ROLLING THROUGH A MAJESTIC fjord along a sun-splashed bike path—that's the way we were supposed to begin our ten-day tour of Norway. Cobalt ocean, azure sky, and soaring granite walls, the two of us boldly pedaling forth inside this picture postcard.

Ah, well. It was pelting cold rain when we bounced our bikes off the train at a remote station in southern Norway. We'd intended to take the bus down to the coastal village of Flekkefjord, but a baby-Thor stroller filled the storage compartment. My partner, Harald the Fairhair, wanted to cram our bicycles inside, but the bus driver shook his head, closed the doors, and drove off.

The map told us Flekkefjord was only about ten miles away. We climbed into rain suits, threw our light panniers over our lean Specialized touring bikes, snapped ladies' shower caps (courtesy of Harald's wife) onto our helmets, and wobbled innocently onto a deserted two-lane highway called E-39.

Soon traffic was zooming by, headlights yellow smears in the miasmic downpour. There was no shoulder, merely a slick white line beside a drop-off into forested oblivion. By then we'd realized that E-39 is the autobahn of southwestern Norway. The rain was so dark and heavy, I was certain the motorists couldn't see us. I feared for Harald.

Harald the Fairhair—a nom de guerre I bestowed on him in homage to the first king of Norway, a ninth-century Viking longhair—was a friend in publishing, a large, good-humored, deskbound man. Harald could elucidate the subtexts in Pynchon or Roth and was an aficionado of detective novels. Ex–New Yorker, cynical optimist, audiophile, he was a cycling enthusiast but was forthright about his physical reality. "I'm built like a fuckin' Shetland pony." Which he was. Broad shoulders, stout legs, huge heart.

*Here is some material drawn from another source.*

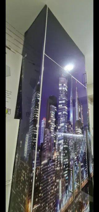 Mueble escobero con un diseño llamativo de una ciudad nocturna. - Puertas con imagen impresa de rascacielos y puente. - Acabado brillante.
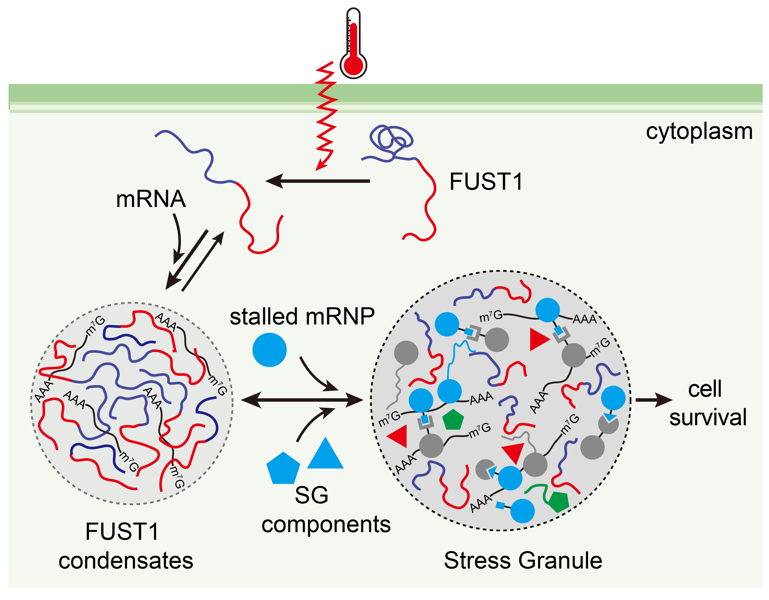 综上,该研究揭示了FUST1作为温度感受器,通过其相分离启动应激颗粒组装(图2),为温度感受和应激颗粒组装机制提供新了的见解。FUST1及其同源蛋白作为热适应性分子靶点,在未来作物耐热性改良中具有潜在应用价值。

I'd been trying to get him on an adventure for years and finally forced the issue by buying plane tickets. Norway was his idea—"someplace civilized yet still connected to nature." (Harald was of pure Norwegian stock: mayonnaise skin, wispy blond hair, all four of his grandparents having unaccountably emigrated from this perfect little country.) But he'd agreed only under one condition:

"No Jenkins sufferfest. I mean it, Mark."

Harald was familiar with my unique ability to turn even the most innocuous outing into an epic.

"And no camping. This is a vacation, not an expedition. You do understand the difference?"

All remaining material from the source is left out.